Inject auto generated urls

Hi,
In some cases when you crawl a webpage you already know many page urls that
have a similar structure.

For example in imdb entertainment artists have the following link structure:
http://www.imdb.com/name/nm1/
http://www.imdb.com/name/nm2/
http://www.imdb.com/name/nm6499112/

How about allowing the addition  of urls based on generators?
For example you would define in the url file:
http://www.imdb.com/name/nm{{[1-6499112]}}

where {{ <simple-regex> }} is the place to put a number/letter generator

So that all these urls are injected into nutch?

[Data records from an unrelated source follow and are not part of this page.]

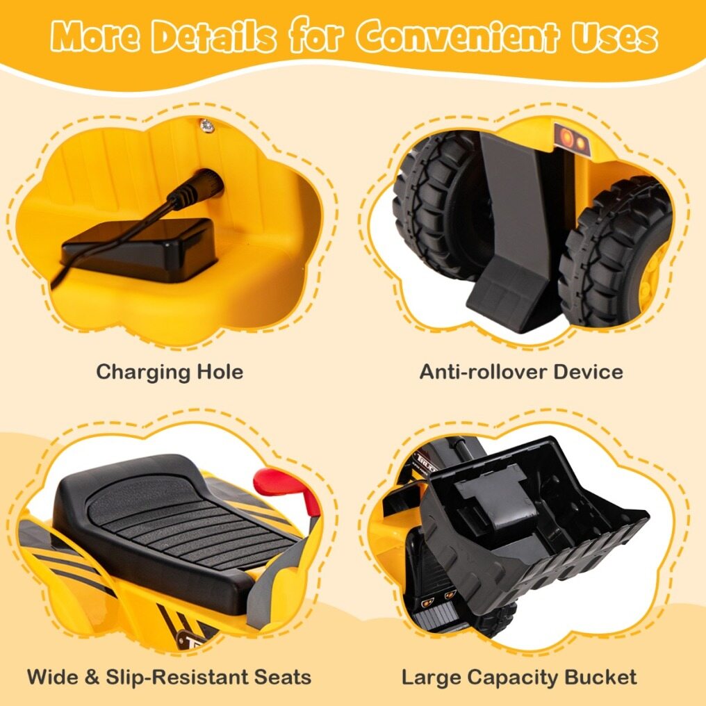 With its sturdy construction and durable materials, this ride-on toy is built to withstand the active play of energetic kids. It features a comfortable and anti-slip seat and flexible steering wheel, ensuring your child stays secure while enjoying their excavation adventures. Designed with its realistic features, such as an adjustable bucket angle and arm height, forward/backward buttons, fantastic music effects, and foot pedals, the ride-on excavator is easy to operate for great fun. The under-seat storage space is a nice place to store nice items. Delight your little one with our captivating ride on excavator!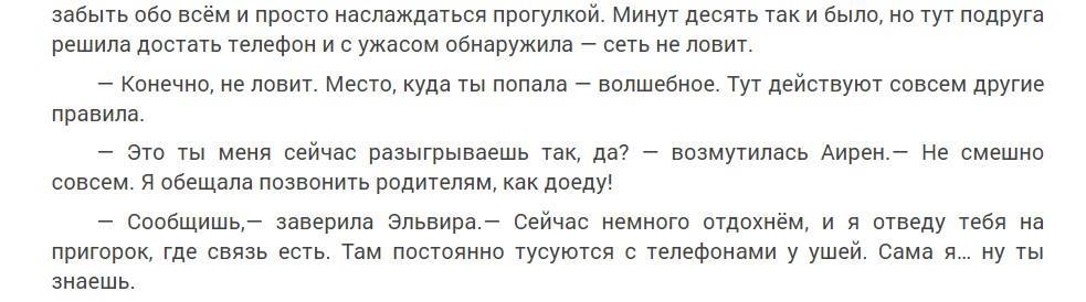 Хотелось бы больше объяснения происходящего по сюжету и не только. Информативности не хватает. Некоторые вещи в попросту не объясняются, некоторые пропускаются. В общем и целом всё здорово, но из-за недостатка информации не знаешь как воспринимать те или иные вещи. Только догадываться остаётся, но и это не так-то просто. Вот общается Эльвира со своей подругой Аирен, приехавшей из города. Городская жизнь и жизнь в глуши, полной магии, столкнулись. Эльвира говорит, тут конечно же сеть не ловит - это место волшебное (утверждение с позиции, что эта информация общедоступна), а Ариен отвечает "ты меня сейчас разыгрываешь?" (ответ: не принятие этой информации за правду). Думаю, если бы Эльвира знала, что Ариен не знает, то предупредила бы, фразой: сеть тут ловить не будет, так как место это не совсем обычное, волшебное. Ну, не дословно, но так по смыслу. А то получается она не знает, что подруга не знает, что место волшебное и сесть тут ловить не будет. Так кто из них не осведомлён?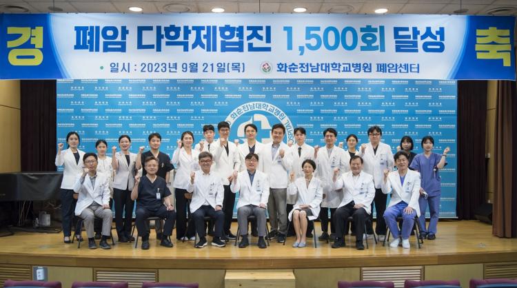 ȼøÀü³²´ëº´¿ø Æó¾Ï ´ÙÇÐÁ¦ÇùÁø 1,500ȸ ´Þ¼ºÀ» ±â³äÇϱâ À§ÇØ ÃÖ±Ù Á¤¿ë¿¬ º´¿øÀå(¾ÕÁÙ ¿ÞÂÊ¿¡¼ ¼¼ ¹øÂ°)À» ºñ·ÔÇØ Æó¾Ï¼¾ÅÍ ¿ÀÀÎÀç ¼¾ÅÍÀå(¾ÕÁÙ °¡¿îµ¥) µî ¼Ò¼Ó ÀÇ·áÁøµéÀÌ ¿©¹ÌȦ¿¡¼ ±â³ä ÃÔ¿µÀ» Çϰí ÀÖ´Ù.

I could work on that if people are interested.

Regards,
Diaa

Re: Inject auto generated urls

Posted by Frédéric Passaniti <f....@gmail.com>.
It's not exactly the same way to implement it but i'm currently looking for
a way to inject at run time new urls.
my idea was to detect new interesting urls into a custom parser / html
plugin and directly inject urls into the seed list (without having to
restart nutch)



2014-05-16 9:45 GMT+02:00 Diaa Abdallah <di...@gmail.com>:

> Hi,
> In some cases when you crawl a webpage you already know many page urls
> that have a similar structure.
>
> For example in imdb entertainment artists have the following link
> structure:
> http://www.imdb.com/name/nm1/
> http://www.imdb.com/name/nm2/
> http://www.imdb.com/name/nm6499112/
>
> How about allowing the addition  of urls based on generators?
> For example you would define in the url file:
> http://www.imdb.com/name/nm{{[1-6499112]}}
>
> where {{ <simple-regex> }} is the place to put a number/letter generator
>
> So that all these urls are injected into nutch?
>
> I could work on that if people are interested.
>
> Regards,
> Diaa
>
>


-- 
Frédéric Passaniti